The hdfs command is coming from this folder.

2. `sbin/`

Location:

/usr/local/hadoop/sbin/

Purpose:

Contains system-level scripts to start/stop Hadoop services.

Common scripts:

start-dfs.sh: Starts HDFS daemons (NameNode, DataNode)
stop-dfs.sh: Stops HDFS daemons
start-yarn.sh: Starts YARN daemons (ResourceManager, NodeManager)
stop-yarn.sh: Stops YARN daemons

You use these to get your cluster up and running.

3. `etc/hadoop/`

Location:

/usr/local/hadoop/etc/hadoop/

Purpose:

This is your Hadoop configuration directory.

All important config files that you manually edit are located here.

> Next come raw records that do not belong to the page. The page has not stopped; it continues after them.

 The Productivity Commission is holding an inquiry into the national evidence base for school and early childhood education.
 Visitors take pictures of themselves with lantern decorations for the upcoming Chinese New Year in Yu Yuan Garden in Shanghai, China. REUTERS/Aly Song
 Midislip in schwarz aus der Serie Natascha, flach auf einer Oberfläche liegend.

Let’s go through the major ones:

3.1 `core-site.xml`

Defines core Hadoop settings (e.g., default filesystem URI)
Example: fs.defaultFS = hdfs://localhost:9000

3.2 `hdfs-site.xml`

Configures NameNode and DataNode settings
Settings include replication factor, data directory paths, etc.

3.3 `yarn-site.xml`

Configures YARN resource manager and node manager
Controls memory allocation, scheduling, etc.

3.4 `mapred-site.xml`

Configures MapReduce execution settings
Example: sets MapReduce framework to run on YARN

3.5 `hadoop-env.sh`

Sets environment variables
Most important: JAVA_HOME must be set correctly here

4. `share/hadoop/`

Location:

/usr/local/hadoop/share/hadoop/

Contains libraries and JARs for:

Hadoop Common
HDFS
MapReduce
YARN

Each subdirectory contains code and dependent files required to run jobs.

Example:

text

/share/hadoop/hdfs/hadoop-hdfs-3.3.1.jar

You generally don't need to modify anything in this directory.

5. `lib/`

Location:

/usr/local/hadoop/lib/

Contains native libraries used by Hadoop at runtime.

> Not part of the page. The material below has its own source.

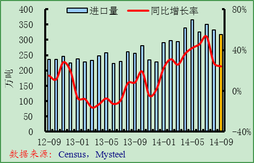 8月份美國鋼材進(jìn)口量為333萬噸,同比增長27.4%,但環(huán)比下降5%。分品種看,與去年8月份相比,主要品種進(jìn)口量均實(shí)現(xiàn)增長,依然是冷軋、鍍鋅板與中厚板的進(jìn)口量增長最明顯,其中中厚板增長114%,冷軋增長65.7%,鍍鋅板增長46.1%。與今年7月份比,除半成品、長材、線材和螺紋鋼進(jìn)口量環(huán)比增長外,其他品種均環(huán)比下降,其中螺紋鋼增長最快,為191.5%。最新的統(tǒng)計數(shù)據(jù)顯示,截至到2014年9月24日,9月份美國鋼材進(jìn)口許可證數(shù)為317萬噸,高于去年9月水平,與8月份同期數(shù)據(jù)基本持平,預(yù)計今年9月份美國鋼材進(jìn)口量同比仍將大幅增加,環(huán)比基本持平或略有增長。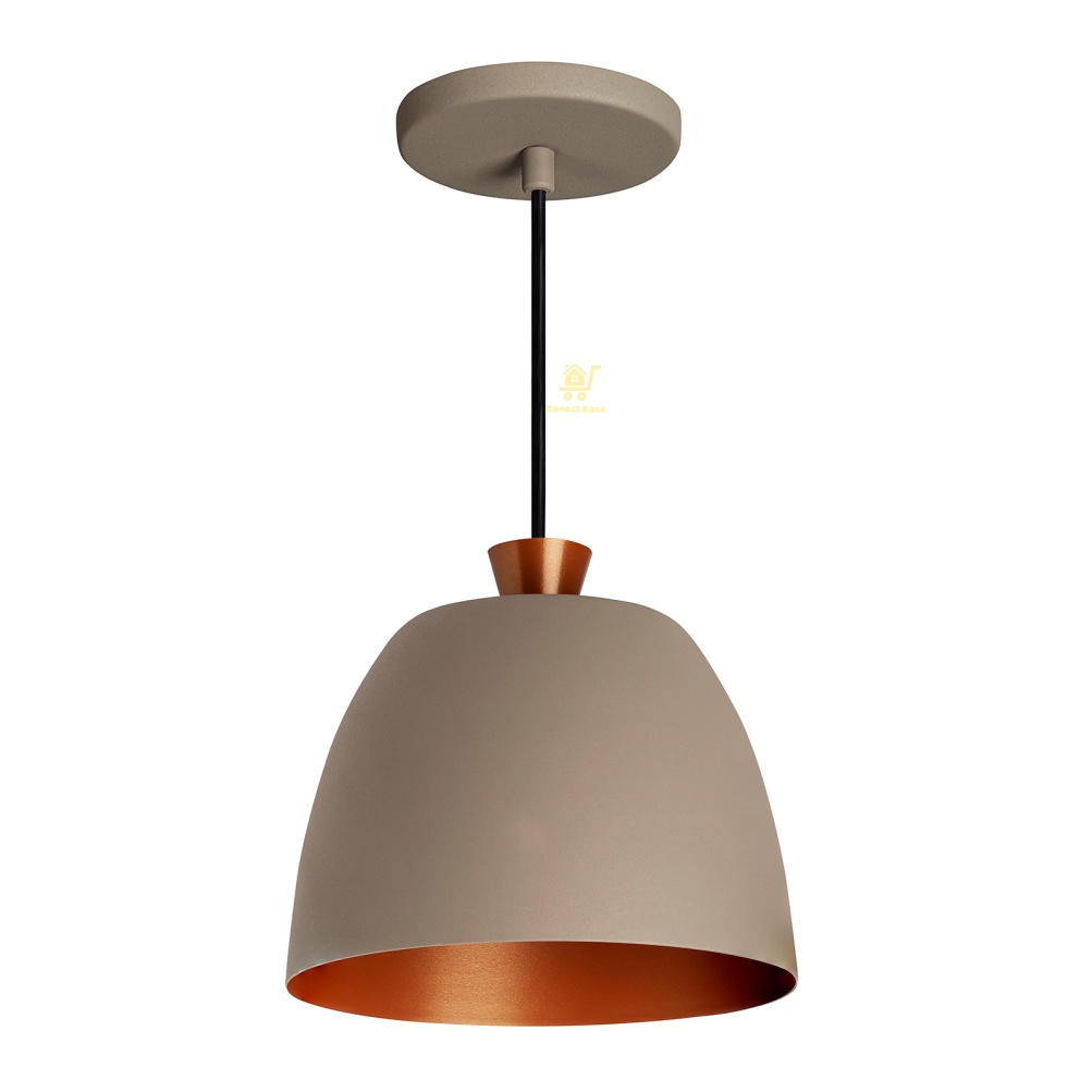 Luminária Pendente Oval de Mesa Sala Cozinha Jantar Alumínio Dublin Bege Fendi Nude com Cobre Iluminação

Again — you don't edit this directly, but Hadoop uses it internally.

6. `logs/`

Location:

/usr/local/hadoop/logs/

Logs generated by Hadoop during runtime for different daemons.

Example logs:

namenode.log
datanode.log
resourcemanager.log

When things go wrong, you check these logs.

7. `tmp/`

Location:

/usr/local/hadoop/tmp/

This directory is used as temporary storage for Hadoop.

If you configured this directory in core-site.xml:

hljs xml

<property>
 <name>hadoop.tmp.dir</name>
 <value>/usr/local/hadoop/tmp</value>
</property>

Hadoop stores NameNode metadata, temp files here.

8. Data Directories (NameNode/DataNode)

These folders are created by you and referenced in configuration inside hdfs-site.xml.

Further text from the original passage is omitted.